Extra Pulp: Down the Rabbit Hole

Our columnist is a true believer in childhood magical thinking.
Rabbit Hole 20200302 (1)


My brother Will and I didn’t just have Santa, the Easter Bunny and the Tooth Fairy—we also believed in the Lollipop Fairy. She visited us once or twice every summer vacation. On our morning walk to the bay, something would catch our eye. Along the dirt road just beyond the shoulder of pine needles, red, yellow, orange and purple lollipops had magically grown overnight! We scurried through the palmettos to pluck them out of the ground, folding up the bottom of our T-shirts to carry them back to the house.

“The Lollipop Fairy came!’’ we squealed to our parents. Because we had to share, we dumped them all out on the wooden floor and took turns selecting one at a time, the yellows always the last to go.

This went on every summer until one day I looked in the top of the pantry and pulled down a mysterious black bag. It turned out to be my Pandora’s box—inside were lots of lollipops. My heart sank. There was no fairy! It was only my parents who stuck them into the ground.

My oldest son, Anders, is almost 10, and I fear this may be his last holiday as a believer in the Easter Bunny. Over Christmas, he expressed some doubts about the man in red, and he’s noticed inconsistencies in the Tooth Fairy’s prices—why did Eli get $20 and I got $3? Now it’s Easter, and his questions continue. Is it a giant bunny or a regular-sized bunny? How does it lay eggs when it’s a mammal? Why do people think the Easter Bunny is a he?

His questions are difficult because there are no clear answers. Of all the magical creatures, the Easter Bunny seems to me the most ridiculous.

Wanting to get my story straight, I did some research. According to Time magazine, eggs have been a symbol of Easter for more than 600 years. Decorating eggs began centuries ago, and Christians once abstained from eggs during Lent, waiting until Easter to enjoy them again. Legend has it that in the 1500s, a mother in Germany hid colorful eggs in her garden on Easter, and just as her children discovered them, they saw a hare hopping away. The custom spread, and every Easter eve, children prepared a nest for Osterhase to leave eggs. In the 1700s, when Germans immigrated to America, they brought their Easter Bunny tradition with them.

But through time, the darling backyard Peter Cottontail variety has been replaced by adults in bad bunny suits. Instead of a sweet cuddly bunny, a mute, larger-than-life rabbit peers down at children with hollow eyes.

Just as some people have a fear of clowns, my sister-in-law Robin is still creeped out by the Easter Bunny. As a child, she was forced into the Easter Bunny’s lap and was sobbing when—flash!—a photographer captured her terror for the newspaper. After that, she locked her bedroom every Easter eve. Now as a mother, she protects her children from the scary mall bunny, although she does hide eggs.

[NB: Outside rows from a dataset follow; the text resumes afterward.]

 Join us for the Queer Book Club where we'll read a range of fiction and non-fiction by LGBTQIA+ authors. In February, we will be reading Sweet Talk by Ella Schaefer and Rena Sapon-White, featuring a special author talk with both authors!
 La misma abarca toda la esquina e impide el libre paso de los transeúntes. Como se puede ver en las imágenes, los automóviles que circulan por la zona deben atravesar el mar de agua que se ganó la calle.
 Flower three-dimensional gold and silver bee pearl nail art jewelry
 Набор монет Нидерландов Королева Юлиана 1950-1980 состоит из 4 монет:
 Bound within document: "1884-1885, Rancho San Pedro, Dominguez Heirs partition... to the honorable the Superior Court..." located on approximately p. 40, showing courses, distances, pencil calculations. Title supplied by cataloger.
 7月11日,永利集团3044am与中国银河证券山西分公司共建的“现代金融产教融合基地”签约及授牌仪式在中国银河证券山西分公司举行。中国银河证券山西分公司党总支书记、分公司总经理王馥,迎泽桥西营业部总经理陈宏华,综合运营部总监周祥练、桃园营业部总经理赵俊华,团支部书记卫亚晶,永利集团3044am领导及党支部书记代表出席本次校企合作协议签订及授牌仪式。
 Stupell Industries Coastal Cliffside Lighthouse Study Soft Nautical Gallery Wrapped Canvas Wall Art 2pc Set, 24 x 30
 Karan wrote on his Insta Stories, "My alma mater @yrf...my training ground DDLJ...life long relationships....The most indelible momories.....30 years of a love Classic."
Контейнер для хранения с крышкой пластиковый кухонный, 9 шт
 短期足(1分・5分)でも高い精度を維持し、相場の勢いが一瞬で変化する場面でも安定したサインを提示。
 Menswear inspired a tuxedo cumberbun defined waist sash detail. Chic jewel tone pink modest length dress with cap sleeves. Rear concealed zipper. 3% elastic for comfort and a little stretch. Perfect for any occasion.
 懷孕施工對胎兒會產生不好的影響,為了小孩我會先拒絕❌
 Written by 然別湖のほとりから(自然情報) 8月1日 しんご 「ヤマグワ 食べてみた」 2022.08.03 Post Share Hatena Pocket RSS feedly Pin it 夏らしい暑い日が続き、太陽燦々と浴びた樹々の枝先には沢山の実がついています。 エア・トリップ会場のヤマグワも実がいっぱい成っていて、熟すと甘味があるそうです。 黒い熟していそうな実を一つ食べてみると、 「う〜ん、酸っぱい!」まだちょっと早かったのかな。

Anders and his brother, William, have never been frightened by the Easter Bunny, but during one Sunday brunch, they were quick to notice a sliver of human skin between the bunny head and the bunny suit. I thought our whole game of make-believe was over right then, but to my relief, they declared that mall and restaurant Santas and bunnies were fake since the real ones obviously wouldn’t have the time to visit such places.

As Anders becomes more skeptical and asks more complicated questions, he’s less satisfied with my simple answer: It’s magic.

But I really do believe in magic, and I have loved sharing its wondrous joy with my sons. I suppose this is exactly what the German parents wanted to do, too—keep the magic going from one generation and one continent to another.

When I was a child, magic transformed a patch of scrub near the beach into an enchanted forest of brilliant lollipops. Magic turns the angst of getting a tooth pulled into the surprise of a crisp dollar bill. Magic exists in the pure excitement a child feels on Christmas and Easter mornings when they discover presents by the fireplace and a basket filled with goodies. I wouldn’t trade that feeling for the world.

I mourn the imminent, inevitable day when Anders finds out, because a little of his childhood innocence will die. But a little sparkle of magic will stay with him, as brightly impressed on his mind as Easter eggs. Long after his childhood, those magical mornings will live on in his memory, which is the true gift from Santa, the Easter Bunny, the Tooth Fairy and our dear Lollipop Fairy.